*TASK TO COMPLETE:*
The reply must consist of the complete listing, reproduced exactly, with no images included.
*** Opening MATERIALS PROVIDED ***
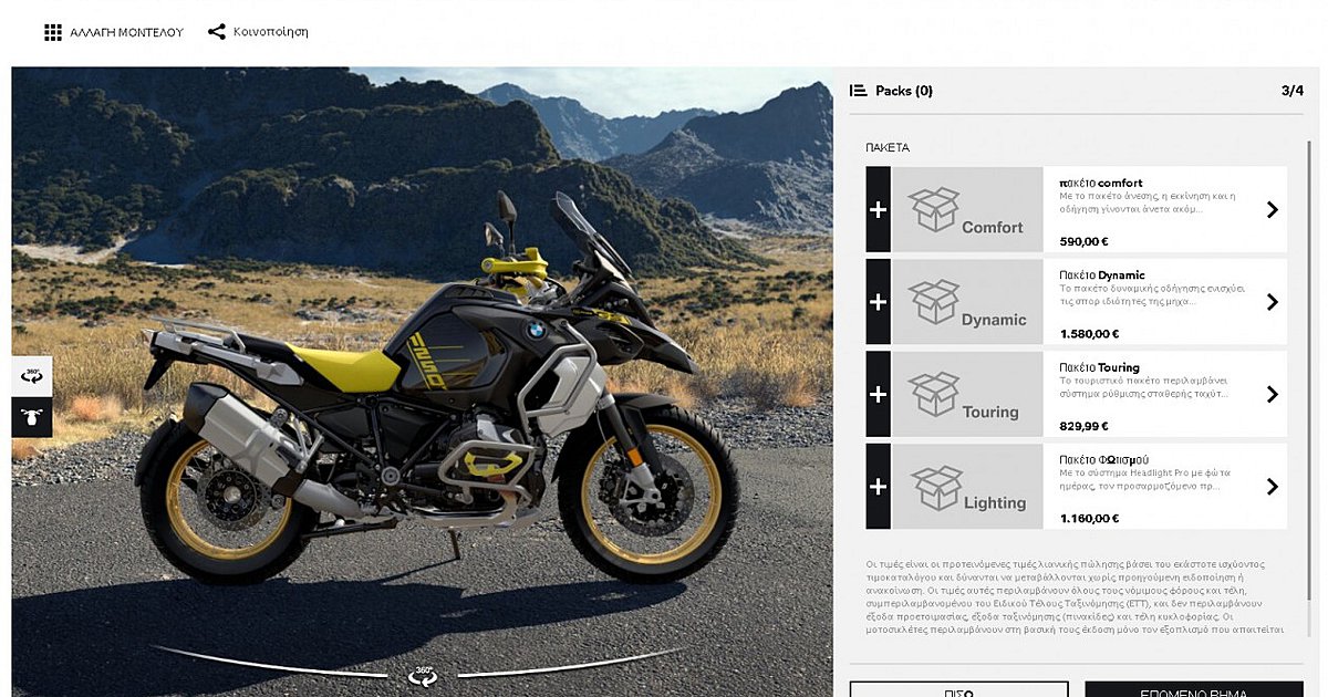 Η BMW έχει ήδη εφαρμόσει το σύστημα "Configurator" σε παγκόσμια κλίμακα, συμπεριλαμβανομένης και της Ελλάδας, με το οποίο ο αγοραστής μπορεί να δει τη μοτοσυκλέτα του ψηφιακά, να την εξοπλίσει, να υπολογίσει το κόστος και να ζητήσει προσφορά από την εταιρεία. Στο επόμενο στάδιο, θα μπορεί να την αγοράσει online ενώ η μοτοσυκλέτα θα παραδίδεται στο σπίτι του!
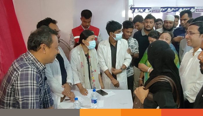 অতিথিরা অনুষ্ঠানের উদ্বোধন শেষে মেডিকেল ক্যাম্পের স্টলগুলো পরিদর্শন করেন।
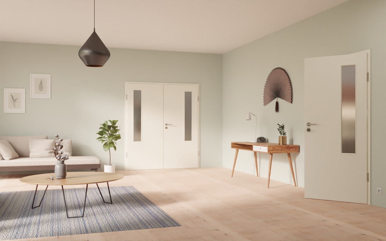 Krótkie, wąskie wycięcia na szybę po stronie zawiasów zapewnia nieco więcej światła w pomieszczeniu. Twój obiekt skorzysta na naturalnym odcieniu powierzchni CePaL Snow White. Łatwy w pielęgnacji laminat jest wyjątkowo odporny na uderzenia i zarysowania.
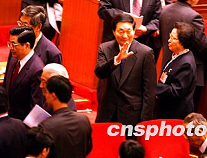 朱鎔基總理三月十四日在北京人民大會堂出席十屆全國政協(xié)一次會議閉幕式,最后離場時(shí)俯身抱拳向委員們祝福。
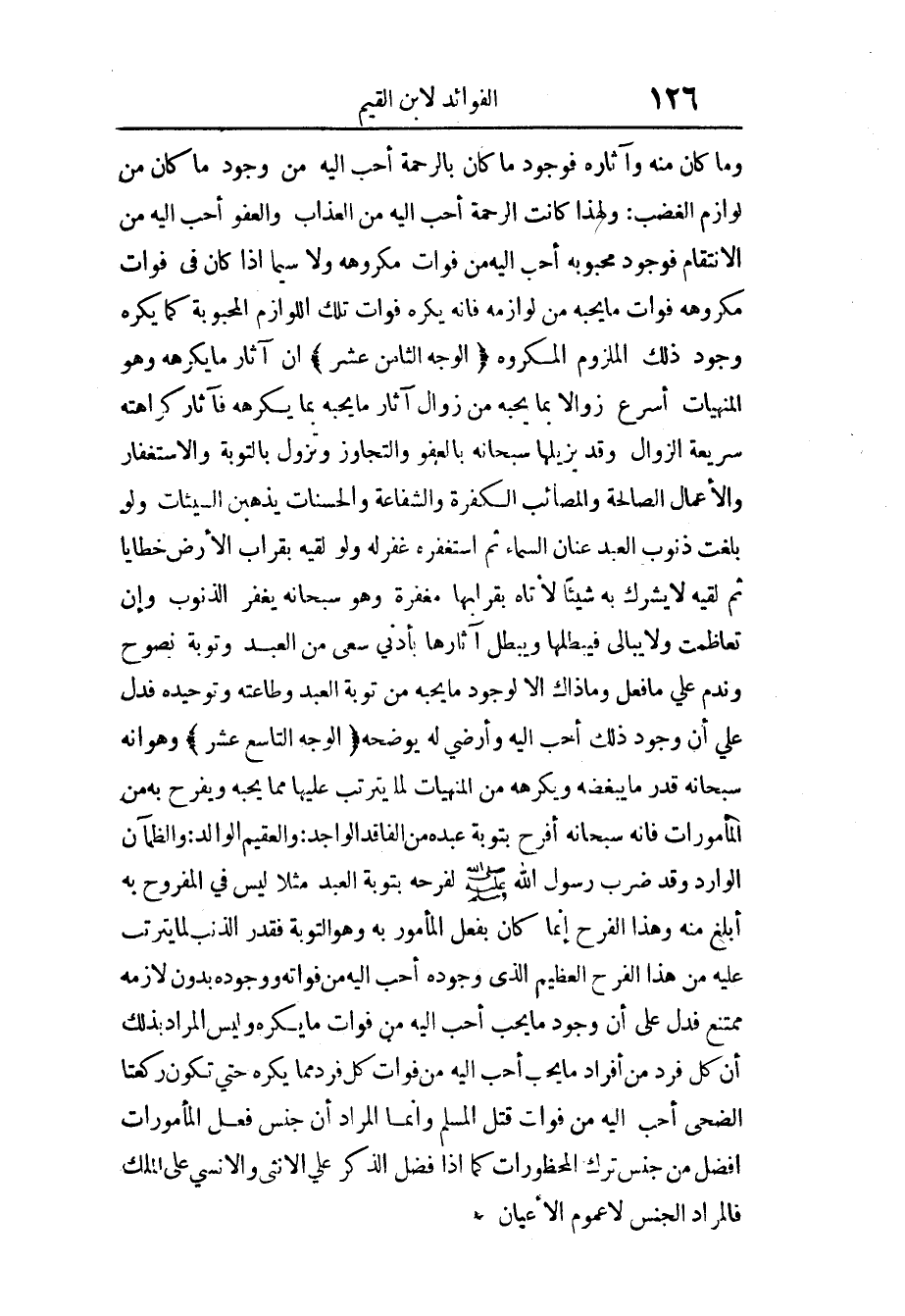 وَمَا كَانَ مِنْهُ وآثاره فوجود مَا كَانَ بِالرَّحْمَةِ أحب إِلَيْهِ من وجود مَا كَانَ من لَوَازِم الْغَضَب وَلِهَذَا كَانَت الرَّحْمَة أحب إِلَيْهِ من الْعَذَاب وَالْعَفو أحب إِلَيْهِ من الانتقام فوجود محبوبه أحب إِلَيْهِ من فَوَات مكروهه وَلَا سِيمَا إِذا كَانَ فِي فَوَات مكروهه فَوَات مَا يُحِبهُ من لوازمه فَإِنَّهُ يكره فَوَات تِلْكَ اللوازم المحبوبة كَمَا يكره وجود ذَلِك الْمَلْزُوم الْمَكْرُوه الْوَجْه الثَّامِن عشر أَن آثَار مَا يكرههُ وَهُوَ المنهيات أسْرع زوالا بِمَا يُحِبهُ من زَوَال آثَار مَا يُحِبهُ بِمَا يكرههُ فآثار كَرَاهَته سريعة الزَّوَال وَقد يزيلها سُبْحَانَهُ بِالْعَفو والتجاوز وتزول لتوبة وَالِاسْتِغْفَار والأعمال الصَّالِحَة والمصائب الْكَفَرَة والشفاعة والحسنات يذْهبن والسيئات وَلَو بلغت ذنُوب العَبْد عنان السَّمَاء ثمَّ استغفره غفر لَهُ وَلَو لقِيه بقراب الأَرْض خَطَايَا ثمَّ لقِيه لَا يُشْرك بِهِ شَيْئا لأتاه بقرابها مغْفرَة وَهُوَ سُبْحَانَهُ يغْفر الذُّنُوب وَإِن تعاظمت وَلَا يُبَالِي فيبطلها وَيبْطل آثارها بِأَدْنَى سعي من العَبْد وتوبة نصوح وَنَدم على مَا فعل وَمَا ذَاك إِلَّا لوُجُود مَا يُحِبهُ من تَوْبَة العَبْد وطاعته وتوحيده فدلّ على أَن وجود ذَلِك أحب إِلَيْهِ وأرضى لَهُ يُوضحهُ الْوَجْه التَّاسِع عشر وَهُوَ أَنه سُبْحَانَهُ قدر مَا يبغضه ويكرهه من المنهيات لما يَتَرَتَّب عَلَيْهَا مِمَّا يُحِبهُ ويفرح بِهِ من المأمورات فَإِنَّهُ سُبْحَانَهُ أفرح بتوبة عَبده من الفاقد الْوَاجِد والعقيم الْوَالِد والظمآن الْوَارِد وَقد ضرب رَسُول الله لفرحه بتوبة العَبْد مثلا لَيْسَ فِي المفروح بِهِ أبلغ مِنْهُ وَهَذَا الْفَرح إِنَّمَا كَانَ بِفعل الْمَأْمُور بِهِ وَهُوَ التَّوْبَة فَقدر الذَّنب لما يَتَرَتَّب عَلَيْهِ من هَذَا الْفَرح الْعَظِيم الَّذِي وجوده أحب إِلَيْهِ من فَوَاته ووجوده بِدُونِ لَازمه مُمْتَنع فَدلَّ على أَن وجود مَا يحب أحب إِلَيْهِ من فَوَات مَا يكره وَلَيْسَ المُرَاد بذلك أَن كل فَرد من أَفْرَاد مَا يحب أحب إِلَيْهِ من فَوَات كل فَرد مِمَّا يكره حَتَّى تكون رَكعَتَا الضُّحَى أحب إِلَيْهِ من فَوَات قتل الْمُسلم وَإِنَّمَا المُرَاد أَن جنس فعل المأمورات أفضل من جنس ترك الْمَحْظُورَات كَمَا إِذا فضل الذّكر على الْأُنْثَى والإنسي على الْملك فَالْمُرَاد الْجِنْس لَا عُمُوم الْأَعْيَان
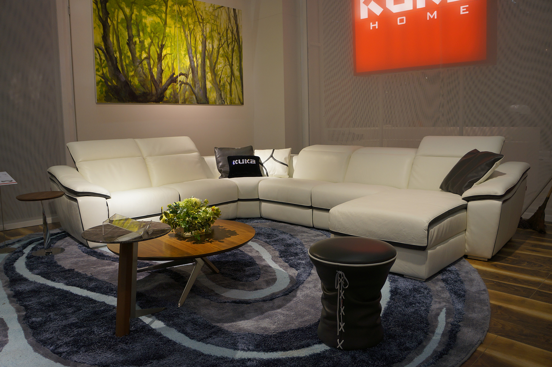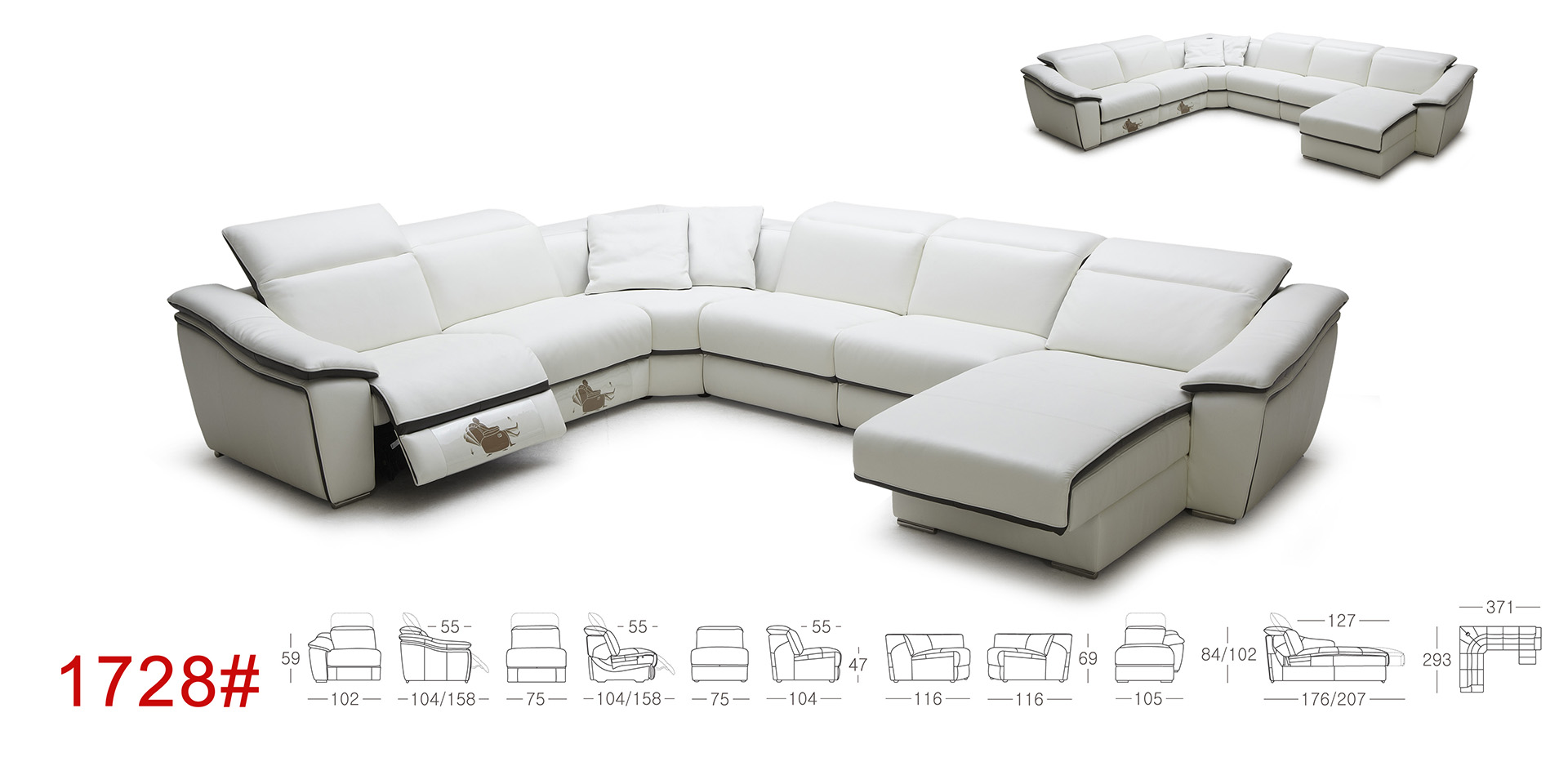 It is a large-size modern combination functional sofa designed with the feature of fluency and dynamic sense which can be converted to different specification according to space requirement. The armrest is designed with streamline type and connects with backrest, impressing people with the sense of relaxation and vividness. Every part of this sofa attracts people’s eyes strongly without redundant ornament: the novel overdye matches the high bright stainless steel feet perfectly, illuminating a flamboyant temperament with individuality charm; the induction button is installed inside the sofa which can be operated simply and conveniently; the stereo fixed in its corner can really make you relax and happy when you lie down.
*** Closing MATERIALS PROVIDED ***
*RESPONSE TO THIS EXERCISE:*
 Η BMW έχει ήδη εφαρμόσει το σύστημα "Configurator" σε παγκόσμια κλίμακα, συμπεριλαμβανομένης και της Ελλάδας, με το οποίο ο αγοραστής μπορεί να δει τη μοτοσυκλέτα του ψηφιακά, να την εξοπλίσει, να υπολογίσει το κόστος και να ζητήσει προσφορά από την εταιρεία. Στο επόμενο στάδιο, θα μπορεί να την αγοράσει online ενώ η μοτοσυκλέτα θα παραδίδεται στο σπίτι του!
 অতিথিরা অনুষ্ঠানের উদ্বোধন শেষে মেডিকেল ক্যাম্পের স্টলগুলো পরিদর্শন করেন।
 Krótkie, wąskie wycięcia na szybę po stronie zawiasów zapewnia nieco więcej światła w pomieszczeniu. Twój obiekt skorzysta na naturalnym odcieniu powierzchni CePaL Snow White. Łatwy w pielęgnacji laminat jest wyjątkowo odporny na uderzenia i zarysowania.
 朱鎔基總理三月十四日在北京人民大會堂出席十屆全國政協(xié)一次會議閉幕式,最后離場時(shí)俯身抱拳向委員們祝福。
 وَمَا كَانَ مِنْهُ وآثاره فوجود مَا كَانَ بِالرَّحْمَةِ أحب إِلَيْهِ من وجود مَا كَانَ من لَوَازِم الْغَضَب وَلِهَذَا كَانَت الرَّحْمَة أحب إِلَيْهِ من الْعَذَاب وَالْعَفو أحب إِلَيْهِ من الانتقام فوجود محبوبه أحب إِلَيْهِ من فَوَات مكروهه وَلَا سِيمَا إِذا كَانَ فِي فَوَات مكروهه فَوَات مَا يُحِبهُ من لوازمه فَإِنَّهُ يكره فَوَات تِلْكَ اللوازم المحبوبة كَمَا يكره وجود ذَلِك الْمَلْزُوم الْمَكْرُوه الْوَجْه الثَّامِن عشر أَن آثَار مَا يكرههُ وَهُوَ المنهيات أسْرع زوالا بِمَا يُحِبهُ من زَوَال آثَار مَا يُحِبهُ بِمَا يكرههُ فآثار كَرَاهَته سريعة الزَّوَال وَقد يزيلها سُبْحَانَهُ بِالْعَفو والتجاوز وتزول لتوبة وَالِاسْتِغْفَار والأعمال الصَّالِحَة والمصائب الْكَفَرَة والشفاعة والحسنات يذْهبن والسيئات وَلَو بلغت ذنُوب العَبْد عنان السَّمَاء ثمَّ استغفره غفر لَهُ وَلَو لقِيه بقراب الأَرْض خَطَايَا ثمَّ لقِيه لَا يُشْرك بِهِ شَيْئا لأتاه بقرابها مغْفرَة وَهُوَ سُبْحَانَهُ يغْفر الذُّنُوب وَإِن تعاظمت وَلَا يُبَالِي فيبطلها وَيبْطل آثارها بِأَدْنَى سعي من العَبْد وتوبة نصوح وَنَدم على مَا فعل وَمَا ذَاك إِلَّا لوُجُود مَا يُحِبهُ من تَوْبَة العَبْد وطاعته وتوحيده فدلّ على أَن وجود ذَلِك أحب إِلَيْهِ وأرضى لَهُ يُوضحهُ الْوَجْه التَّاسِع عشر وَهُوَ أَنه سُبْحَانَهُ قدر مَا يبغضه ويكرهه من المنهيات لما يَتَرَتَّب عَلَيْهَا مِمَّا يُحِبهُ ويفرح بِهِ من المأمورات فَإِنَّهُ سُبْحَانَهُ أفرح بتوبة عَبده من الفاقد الْوَاجِد والعقيم الْوَالِد والظمآن الْوَارِد وَقد ضرب رَسُول الله لفرحه بتوبة العَبْد مثلا لَيْسَ فِي المفروح بِهِ أبلغ مِنْهُ وَهَذَا الْفَرح إِنَّمَا كَانَ بِفعل الْمَأْمُور بِهِ وَهُوَ التَّوْبَة فَقدر الذَّنب لما يَتَرَتَّب عَلَيْهِ من هَذَا الْفَرح الْعَظِيم الَّذِي وجوده أحب إِلَيْهِ من فَوَاته ووجوده بِدُونِ لَازمه مُمْتَنع فَدلَّ على أَن وجود مَا يحب أحب إِلَيْهِ من فَوَات مَا يكره وَلَيْسَ المُرَاد بذلك أَن كل فَرد من أَفْرَاد مَا يحب أحب إِلَيْهِ من فَوَات كل فَرد مِمَّا يكره حَتَّى تكون رَكعَتَا الضُّحَى أحب إِلَيْهِ من فَوَات قتل الْمُسلم وَإِنَّمَا المُرَاد أَن جنس فعل المأمورات أفضل من جنس ترك الْمَحْظُورَات كَمَا إِذا فضل الذّكر على الْأُنْثَى والإنسي على الْملك فَالْمُرَاد الْجِنْس لَا عُمُوم الْأَعْيَان
 It is a large-size modern combination functional sofa designed with the feature of fluency and dynamic sense which can be converted to different specification according to space requirement. The armrest is designed with streamline type and connects with backrest, impressing people with the sense of relaxation and vividness. Every part of this sofa attracts people’s eyes strongly without redundant ornament: the novel overdye matches the high bright stainless steel feet perfectly, illuminating a flamboyant temperament with individuality charm; the induction button is installed inside the sofa which can be operated simply and conveniently; the stereo fixed in its corner can really make you relax and happy when you lie down.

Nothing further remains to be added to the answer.